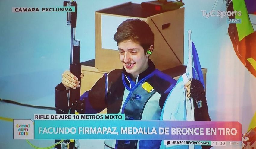 El mendocino Facundo Firmapaz, de 17 años, se quedó con la medalla de bronce en tiro deportivo en los Juegos Olímpicos de la Juventud Buenos Aires 2018.
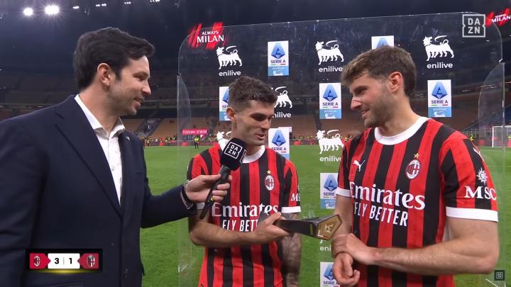 米兰在意甲第36轮主场3-1击败博洛尼亚,传射建功的普利希奇在赛后接受了DAZN的采访。
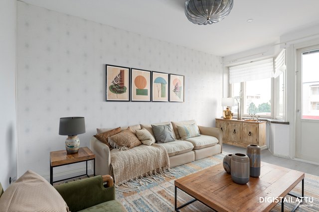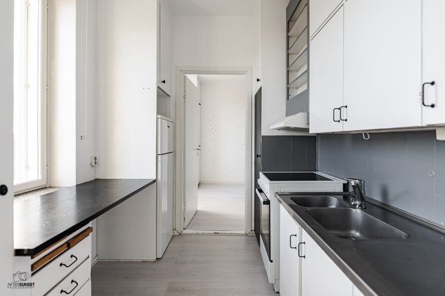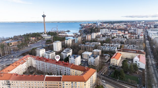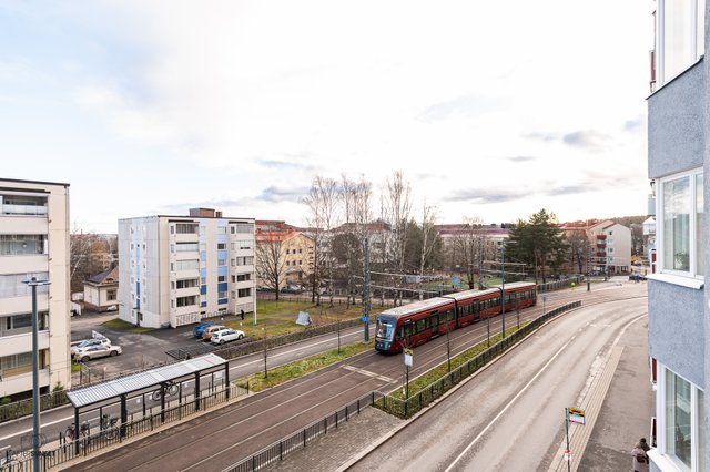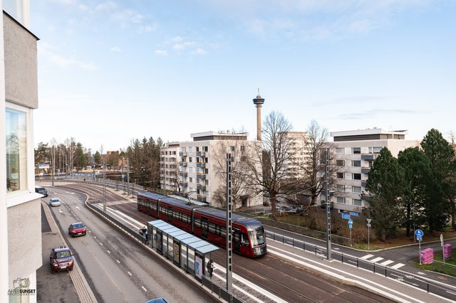 Ratikkareitin varrelta valoisa koti. Sisällä hiljaista eikä keskustan liikennemelu häiritse, vaikka ratikkapysäkki lähes parvekkeen alla. Neljännen kerroksen näppärä citykoti.

------------------------

Problem — Return every line above verbatim, pictures excluded.

Completed task —
 El mendocino Facundo Firmapaz, de 17 años, se quedó con la medalla de bronce en tiro deportivo en los Juegos Olímpicos de la Juventud Buenos Aires 2018.
 米兰在意甲第36轮主场3-1击败博洛尼亚,传射建功的普利希奇在赛后接受了DAZN的采访。
 Ratikkareitin varrelta valoisa koti. Sisällä hiljaista eikä keskustan liikennemelu häiritse, vaikka ratikkapysäkki lähes parvekkeen alla. Neljännen kerroksen näppärä citykoti.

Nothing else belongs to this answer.